Recently, Zurich has been slammed with policyholders' lawsuits seeking coverage under their hundreds of millions of dollars' worth of policies. Last week, Carilion Clinic and its affiliated hospitals in Virginia, West Virginia, Tennessee and North Carolina asked Zurich to cover its over $150 million pandemic losses under its $1.3 billion Zurich Edge policy after more than 1,300 of its employees were diagnosed with COVID-19.
Earlier this month, Detroit Entertainment LLC, the owner of Motor City Casino Hotel, told Michigan state court that its Zurich affiliate insurer owes it $270 million for COVID-19-related losses that have triggered its $750 million policy. The hotel and Carilion are both represented by Pillsbury Winthrop Shaw Pittman LLP.

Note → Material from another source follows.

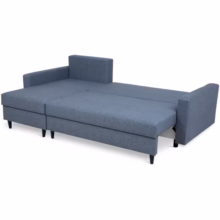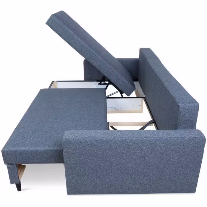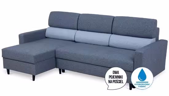 Sposób rozkładania DL to szybki i prosty sposób - wystarczy podnieść siedzisko do góry i przesunąć do przodu, a w miejsce siedziska kładziemy oparcie. Po rozłożeniu powierzchnia spania wynosi 124x197cm. Kanapa posiada pojemnik na pościel, w którym zmieścimy kołdrę i poduszkę zapewniając porządek w pomieszczeniu.

In late February, over a dozen health care service companies told an Illinois federal judge that Zurich must cover their pandemic-related losses. Seven health care companies said they hold total policy limits of $450 million per occurrence, and five said their overall per-occurrence policy limits are $250 million with Zurich.
Representatives for the parties could not be immediately reached for comment.
The two health systems are represented by Lynda A. Bennett and Michael D. Lichtenstein of Lowenstein Sandler LLP.
Counsel information for Zurich is not immediately available.
The suits are Robert Wood Johnson Fitness & Wellness Center et al. v. Zurich American Insurance Co., case number ESX-L-002271-21, in the Superior Court of New Jersey in Essex County, and Valley Health System Inc. et al. v. Zurich American Insurance Co., case number BER-L-001907-21, in the Superior Court of New Jersey in Bergen County.